Prominent Valley rancher dies at 87
Carson Valley rancher Brooks Park is remembered by his family and friends as a hard-working visionary with a passionate love for the land.
“He loved ranching so much,” said Park’s son, Bruce. “I remember him telling me from the time I was 5 years old that to him, ranching was like the priesthood. It was such an honorable vocation.”
Park, 87, died Thursday at Carson-Tahoe Hospital. He had been hospitalized for a month after suffering a heart attack.
“He was active up to two days before he went into the hospital,” Bruce Park said. “He was out looking at his cattle.”
Brooks Park was the third generation of a pioneer family whose roots date back to Nevada’s earliest days of statehood.
He was the grandson of Unity and David Brooks Park who homesteaded in the Carson Valley in 1871. Five generations of the Park family have made their living from the land and Brooks Park passed that legacy to his son and grandchildren.
“My dad had a sense of family and sense of pride of being a rancher,” Park said. “My father saw the change and the potential for change. His vision not only for ranching – but also for Lake Tahoe – has been a gift to all of us. He was the original environmentalist.”
Bruce’s daughter, Tonja Park-Nichols, recalled often talking with her grandfather about the beauty of Carson Valley.

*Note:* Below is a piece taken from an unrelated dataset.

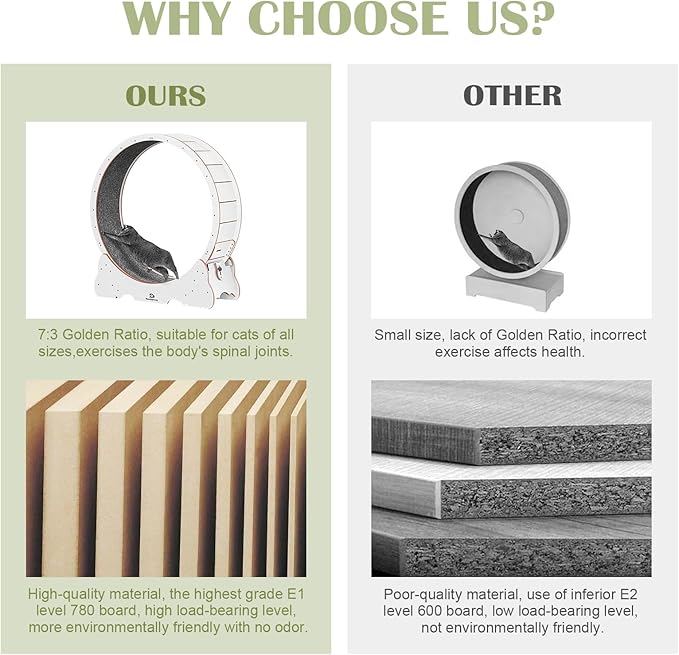 - Noise Reduction and Safety Design: upgraded TPE silent roller make the treadmill run quieter, with the locking device, you can set specific playtimes of the day or night without causing trouble to the neighbors. The base edge has the same height as the wheel edge, and only a 5mm gap between them, which can not only ensure the smooth running of this large wheel but also avoid the risk of the cat pinching its feet when walking and rolling in it, ensuring the safety of your cat

“One time he said to me, ‘Isn’t this the most beautiful place in the world?'” she said.
n Extensive holdings. In addition to holdings in Carson Valley, the Park family leased land at Lake Tahoe to the casino industry in the early 1960s. The family also built Edgewood Tahoe Golf Course.
Today, Park land is leased by Harveys Resort and Casino, Caesars Tahoe and Horizon Casino Resort. Park holdings rank No. 1 in Douglas County, with an assessed valuation of $63.5 million.
“He was a great man,” said rancher Renee Mack, who grew up with Park’s children. “We have always been friends. He was a man of integrity and someone to be admired.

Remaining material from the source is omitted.